The Nifty IT index fell nearly 3% on 18th November after U.S. Federal Reserve Chair Jerome Powell stated there was no urgency to lower interest rates, citing economic growth, a strong job market, and inflation above the 2% target.
The index fell 2.7% as all 10 constituents declined 2–4%. Despite this, the index has gained 16% year-to-date, outperforming the Nifty 50’s 8% rise in the same period.
Large IT firms like Tech Mahindra, TCS, Infosys, and Wipro fell 2–4%, while midcap IT stocks such as Coforge, Persistent Systems, L&T Technology Services, and Mphasis registered 1–2% losses.
Federal Reserve Chair Jerome Powell, speaking on 14th November in Dallas, stated that there was no rush to lower interest rates.
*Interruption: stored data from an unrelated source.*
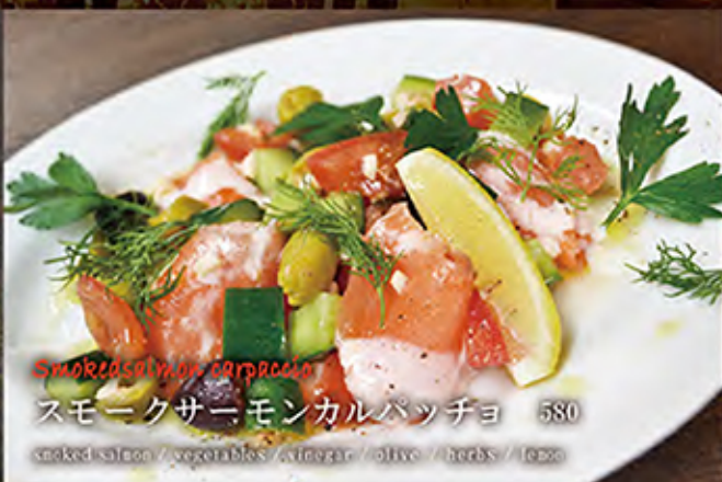
Smoked salmon carpaccio スモークサーモンカルパッチョ 580 smoked salmon / vegetables / vinegar / olive / herbs / lemon
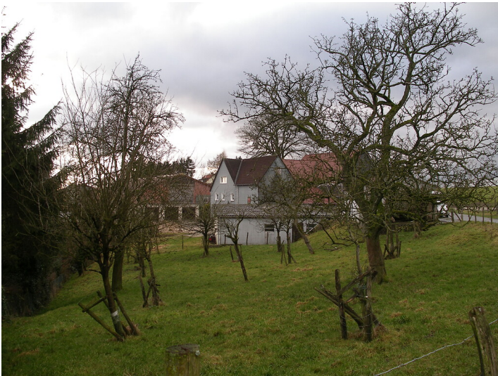
Nördliche Obstwiese in Altenhof (2008)
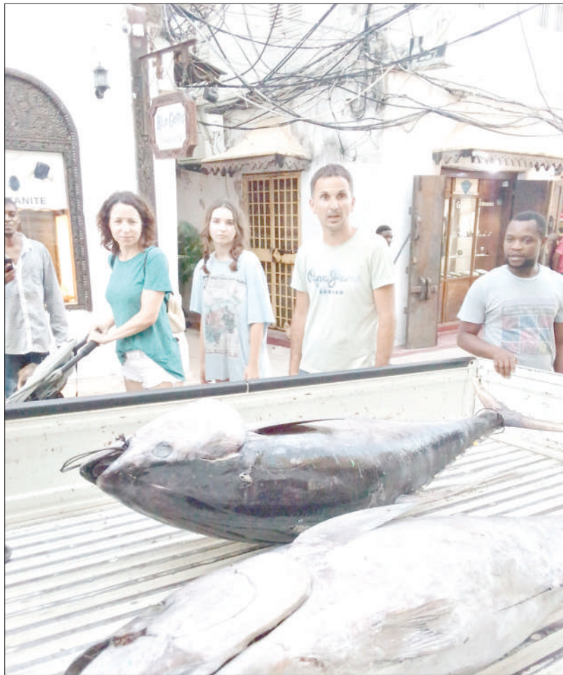
Watalii pamoja na wananchi wakiangalia samaki wawili aina ya jodari wakiwa na uzito wa kilo 75 kila mmoja waliovuiliwa eneo la Bahari Kuu Zanzibar, baada ya kufikishwa Shangani jana.

“Tumefarijika sana na ziara ya mlezi wetu na yote aliyotuelekeza tutayafanyia kazi,” alisema Ntole.

This led to a sharp sell-off in tech stocks, with the NASDAQ Composite dropping over 2%, its biggest single-day fall in two weeks.
Indian IT firms, which heavily depend on U.S. revenue, are under pressure as higher U.S. interest rates reduce the appeal of emerging markets like India for foreign investors.
The correction comes after a two-week rally in IT stocks, fueled by optimism about potential favourable policies from the U.S. President-elect Donald Trump’s administration.
In addition to concerns over rate cuts, FII selling and possible U.S. government expenditure cuts are contributing to market uncertainty.
At 11:47 AM, TCS traded 3% lower at Rs 4,021.40, and Wipro traded 3.56% lower at Rs 546.55 on NSE.